Kemal ad-Din (aka Ibn al-Adim) was born in Aleppo in 1193 CE into a family celebrated for supplying qadis (Islamic judges) to the city over generations David Morray in Meri and Bacharach, 2006). He died in Cairo in 1262 CE, David Morray in Meri and Bacharach (2006) provides the following on his life and works.
Ibn al-‘Adim [aka Kemal ad-Din] was trained in fiqh (Islamic jurisprudence) and became director of one of Aleppo’s principal Islamic schools, the Madrasah al-Hallawiyya. Successive Ayyubid rulers of Aleppo entrusted him with a number of diplomatic missions. The last of these was in AH 658/1260 CE, in which he went to Egypt to seek help against the Mongols, shortly before they took Aleppo. He died in exile in Cairo two years later.

Ibn al-‘Adim wrote a number of works, not all of which have survived. They include a treatise on handwriting, a thesis on the preparation of perfumes, and an address to a ruler of Aleppo on the birth of his son. But he is best known to modern scholarship for his chronicle of Aleppo and northern Syria, the Zubdat al-halab fi ta’rikh Halab (The Cream of the Milk as Regards the History of Aleppo). This is the principal source for events in the area during the author’s lifetime.

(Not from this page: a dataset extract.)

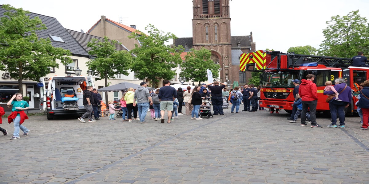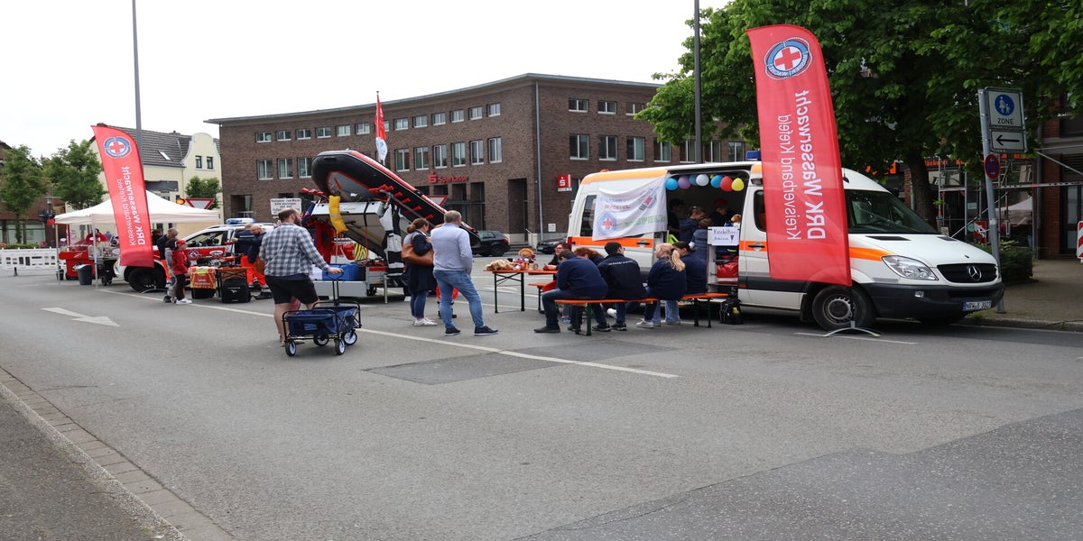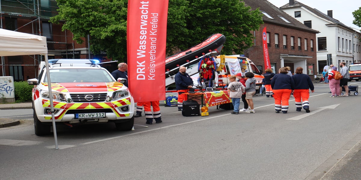 Einsatzkräfte der DLRG , der Wasserwacht, der DRK Bereitschaft Hüls, des JRK , der Freiwilligen Feuerwehr Hüls und der Bezirksdienst der Polizei Krefeld-Hüls präsentierten sich auf dem Hülser Marktplatz und auf der Tönisberger Str.

In his own day, however, Ibn al-‘Adim was celebrated for his Bughyat al-talab fi ta’rikh Halab (What Is Desirable in the Pursuit for the History of Aleppo). A characteristic production of the medieval adab (belles-lettres) tradition, the Bughyat al-talab is a biographical dictionary of notable people associated with Aleppo, from remotest antiquity to the compiler’s own times. In addition to factual information, an entry often contains examples of the subject’s verse, or transmission of hadith (Prophetic tradition). The original work, of which only a quarter survives, apparently filled forty volumes containing seventeen thousand pages of twenty lines each, and is believed to have been penned by Ibn al-‘Adim himself during the last two years of his life.